Book Review: "Good Book: How White Evangelicals Save the Bible to Save Themselves" by Jill Hicks-Keeton
I was interested in this book after hearing the author on the "Homebrewed Christianity" podcast with Tripp Fuller. Unfortunately, I found myself bored of the seeeming repetition by which the author continued to express throughout the length of the book: that the Bible's contents are inherently misogynistic, and efforts to say otherwise are not in defense of the Bible but rather in defense of the people arguing on its behalf.
I do suspect that I may not be in the author's target audience, though I continued to feel frustration as I felt she continued on one path when I felt there could have been interesting thought exercises had she ventured off her main thesis. Mainly, "so now what?" If her readership concludes the book with her shared understanding that the Bible is misogynistic, and the people it describes were producted of a misogynistic culture and time and not sages who spoke of a true equality while pointing to what a true egalitarian society should be... she leaves unanswered what we're to do with the Bible then?

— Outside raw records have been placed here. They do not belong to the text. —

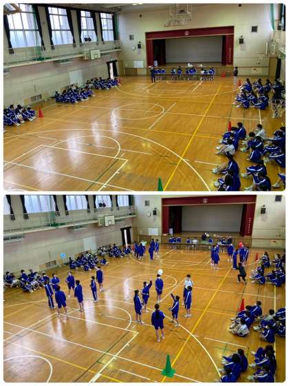 3月18日(金)、1年生は体育館で生徒たちが種目やルールを自分たちで考えつくったレクリエーション大会「淀リンピック」を行いました。
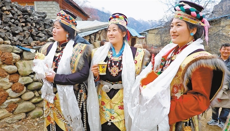 下尼屋的田壟上,35歲的扎西旺姆正在和相熟的村民一起干農(nóng)活,她是從波密縣八蓋鄉(xiāng)嫁到這里的,已經(jīng)在尼屋生活了7年?!斑@里和八蓋一樣,都以農(nóng)耕為主,氣候也差不多,人也很熱情,我和鄰居們經(jīng)常一起挖蟲草、采松茸、干農(nóng)活,感覺(jué)很幸福!”
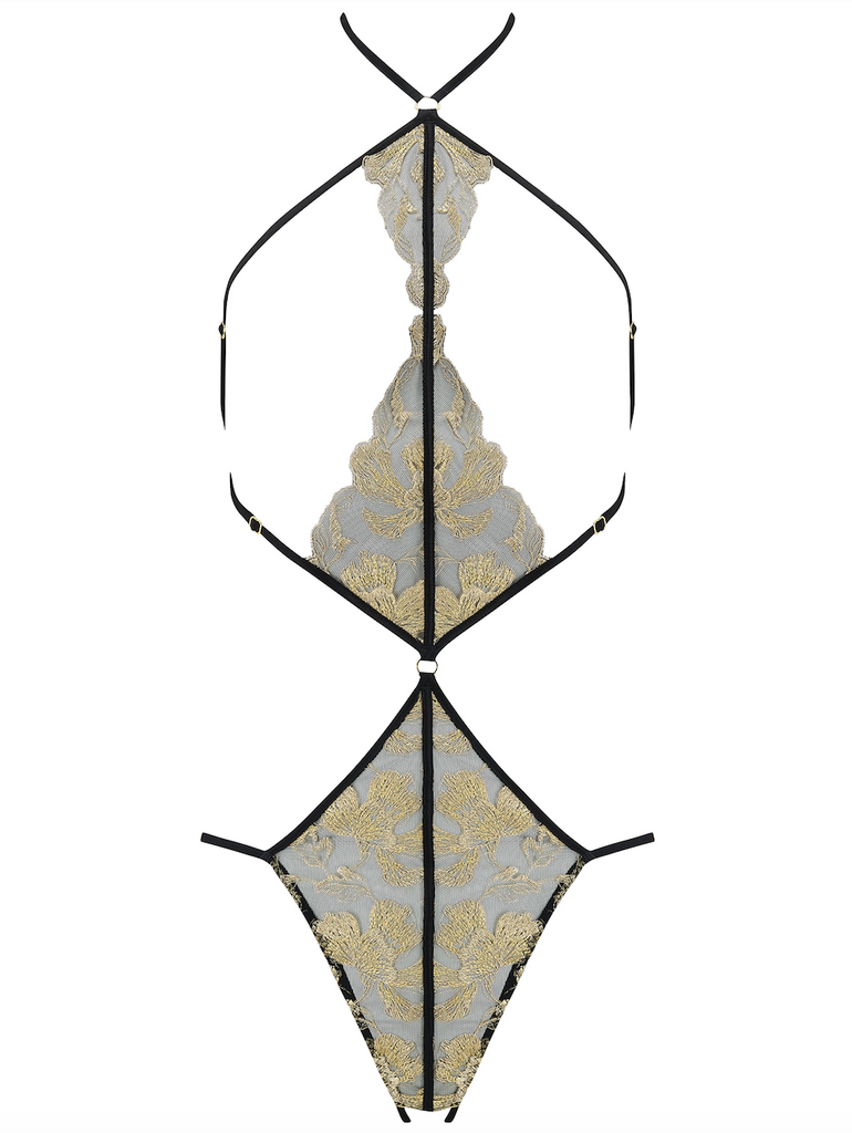 Opulent and erotic in equal measure, the Oriana Playsuit is a breathtaking ensemble of shimmering gold bespoke embroidery and ouvert splendour.
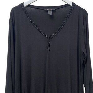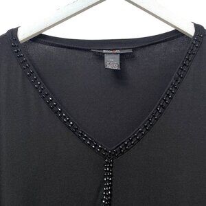 Style & Co. Womens Top Size XL Black Beaded Tunic Tee V neck Ruffle Hem
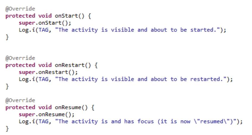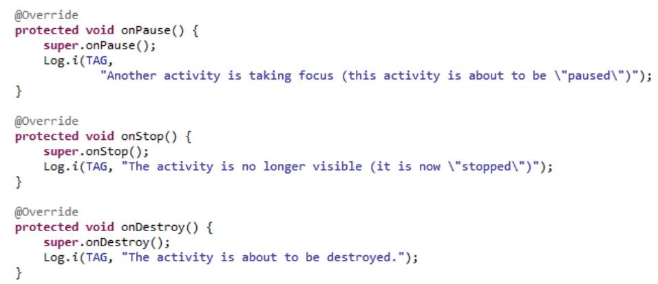 Чтобы поддерживать сценарии как этот, Android сообщает об изменениях жизненного цикла в Activity, вызывая предопределенные методы (call back) жизненного цикла. И вот некоторые из этих методов:
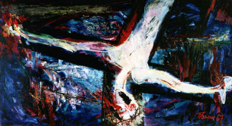 «Распятие». Изможденное светящееся тело распростерто над миром, над Вселенной, на грани с небытием. Хрупкий собственный свет не защищает его от конфронтации с реальностью креста. Лишь кое-где свет как бы выступает из тела: у шеи, немного у руки. Человек повернут головой вниз. Почему? Ну, может, подвесили, чтобы удобнее было бить ногами в лицо или плевать. А скорее всего он уже там, где нет ни верха, ни низа. Разбитые глаза, рваный черный провал рта, в котором не видно зубов, изуродованные окровавленные кисти. Кто же не представлял себе, как срывают ногти, выламывают суставы, расплющивают кости?! Фигура воспринимается тройственно. Это и Христос, распятый на кресте: на голове терновый венок, на груди у сердца — кровь. Это и просто замученный человек. Это и положение, самоощущение человека в мире. Вселенная, над которой он распят, разнообразна по цвету, хотя преобладают холодные трагические тона, причем каждый цвет отчетлив, даже когда один проглядывает из-под другого. Почти все последующие картины художника по цвету в большей или меньшей мере тяготеют к «Распятию».
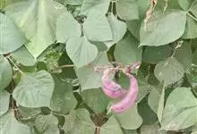 扁豆 Sweet)是豆科扁豆属多年生缠绕藤本植物,又名鹊豆、沿篱豆、藤豆等。全株几无毛,茎长可达6米。羽状复叶具3小叶;托叶基着,叶片披针形;小托叶线形,小叶宽三角状卵形,宽与长相等,…全部>>
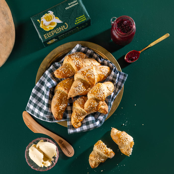Croissanter från grunden blir extra goda och funkar perfekt på frukostbordet. Gjorda på Eleplant blir de precis så smöriga och frasiga som man vill ha dem. Servera nybakade med marmelad, eller toppa med frön innan gräddning för ett matigare tilltugg.
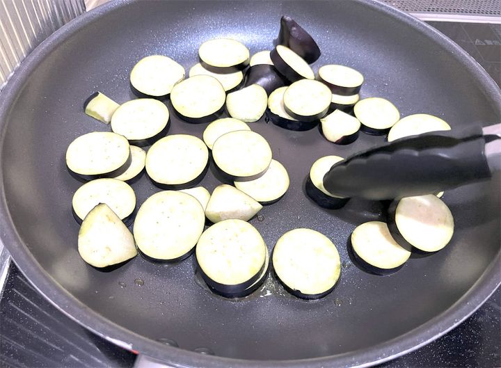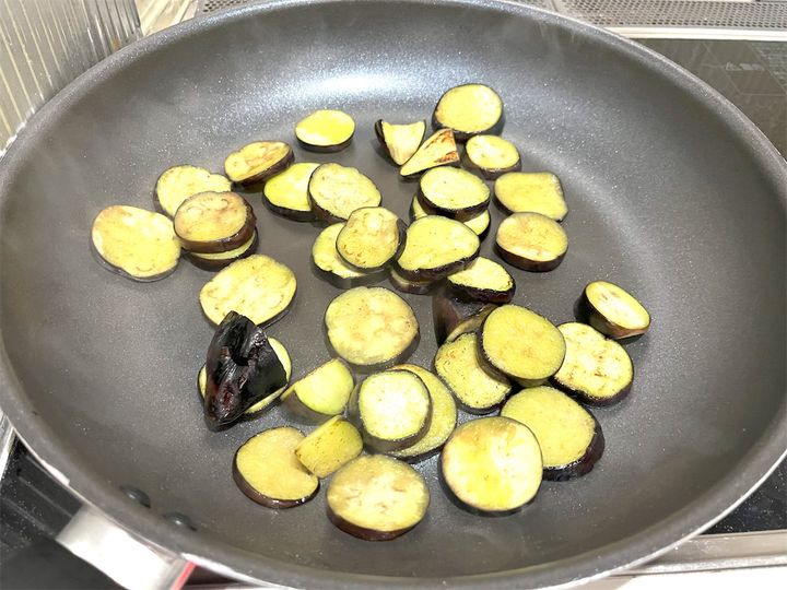 フライパンにオリーブオイルを入れたら、1のなすを入れて塩、こしょう(どちらも分量外・適量)を振って炒めます。

I genuinely am interested in learning the author's own conclusions after coming to the understanding about how the Bible may not be as pro-women as its defenders often try to make it seem. And in that way, the book felt like it was at least a chapter short, if not more. For example, does she have another alternative for the many women who claim to be Christians, for how to understand their relationships with the Bible/ God? Also, what ramifications would her conclusions regarding the personhood of Jesus and of his and Paul's misogyny have upon the Christian faith? Is it null and void, or is there an evolved view of the faith that can exist/ thrive even with such an auspicious book of faith?
In conclusion, rather than saying that I didn't like the book, I should just say that it was more incomplete, and what Hicks-Keeton argues for in "Good Book" needs conclusions that need to be flushed out. What we have now is just a readership that is left in a lurch, not knowing how to process the information she provides.